Superior Court of Pennsylvania
Aug 29, 2002
2002 Pa. Super. 278 (Pa. Super. Ct. 2002)

Opinion

No. 1980 WDA 2001.

Filed: August 29, 2002.

Appeal from the Order of September 21, 2001 In the Court of Common Pleas, Civil Division Indiana County, No. 10386 C.D. 2001.

Michael N. Vaporis, Indiana, for appellant.

David Walulik, Pittsburgh, for appellee.

Kathleen Grogan, Harrisburg, for Pa. Department of Public Welfare, amicus curiae.

Douglas M. Wolfberg, Mechanisburg, for Ambulance Association of Pa., amicus curiae.

David B. Chontos, Turtle Creek, for Ambulance Commission of the City of McKeeport, amicus curiae.

BEFORE: LALLY-GREEN, TODD, and HESTER, JJ.


¶ 1 Citizens' Ambulance Service ("Citizens") appeals the trial court's September 21, 2001 Order sustaining the preliminary objections of Appellee Gateway Health Plan ("Gateway") on the basis that it lacked subject matter jurisdiction because Citizens had not exhausted its administrative remedies prior to filing suit in the Court of Common Pleas of Indiana County. Upon review, we reverse and remand.

¶ 2 Citizens is a not-for-profit corporation that provides emergency and non-emergency ambulance service in Indiana County and in portions of adjoining counties. Citizens is licensed by the Commonwealth of Pennsylvania to provide this service and, by law, must respond to an emergency call from the 911 dispatcher unless it is unable to do so. See 28 Pa. Code § 1005.10(e)(4). In 1986, Citizens signed a medical assistance provider agreement with the Pennsylvania Department of Public Welfare ("DPW"). This agreement obligated Citizens to accept the DPW's set reimbursement rates for covered ambulance services rendered to medical assistance recipients. At this time, DPW operated the medical assistance program on a fee for services rendered basis and contracted separately with each provider for covered services to recipients.

¶ 3 Gateway is a for-profit health maintenance organization. Since 1993, Gateway has contracted with DPW to provide medical services to medical assistance recipients within a specified geographic region under a managed care, as opposed to fee for service, approach. This region includes the area served by Citizens. Initially, participation in this program was optional for medical assistance recipients. In 1998, however, participation became mandatory.

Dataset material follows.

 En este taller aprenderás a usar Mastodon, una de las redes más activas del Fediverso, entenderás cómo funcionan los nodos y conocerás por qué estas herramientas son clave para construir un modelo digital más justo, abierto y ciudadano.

Gateway entered into three separate contracts with DPW, dated April 1, 1993, May 1, 1998 and July 1, 1998, covering the applicable time period. Because the relevant provisions of these agreements are similar, if not identical, for the sake of brevity we shall refer only to the most recent of the contracts.

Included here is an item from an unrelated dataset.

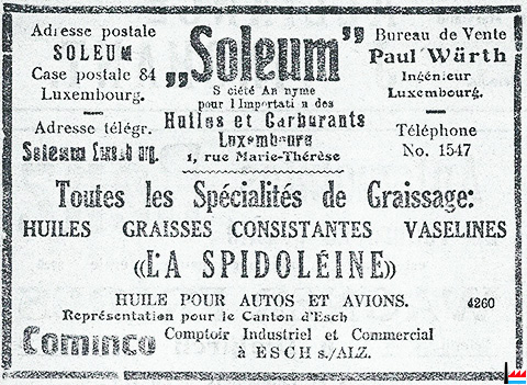 Soleum - Toutes les spécialités de craissage: huiles, graisses, consistantes, vaselines « LA SPIDOLÉINE» - 1, rue Marie-Thérèse - Bureau de Vente Paul Würth, ingénieur, Luxembourg. - Représentation pour le canton d'Esch: Cominco - Comptoir Industriel et Commercial à Esch s. /Alz.

¶ 4 Gateway's contract with DPW obligates Gateway to "arrange for the provision of those medical and related services essential to the medical care of those individuals being served. . . ." (Healthchoices Southwest Physical Health Agreement Between Commonwealth of Pennsylvania and Gateway Health Plan, Inc. (the "DPW-Gateway Agreement"), 7/01/98, at 5.) In addition, the request for proposal upon which the DPW-Gateway Agreement is based and which is incorporated by reference into the agreement, provides that Gateway "is responsible to provide all medically necessary emergency transportation" and "must arrange medically necessary non-emergency transportation . . . through the MATP [Medical Assistance Transportation Program]." (Request for Proposal for Healthchoices Physical Health Services (the "RFP"), 10/22/97, at 55.) The record does not reveal whether Citizens is part of the MATP.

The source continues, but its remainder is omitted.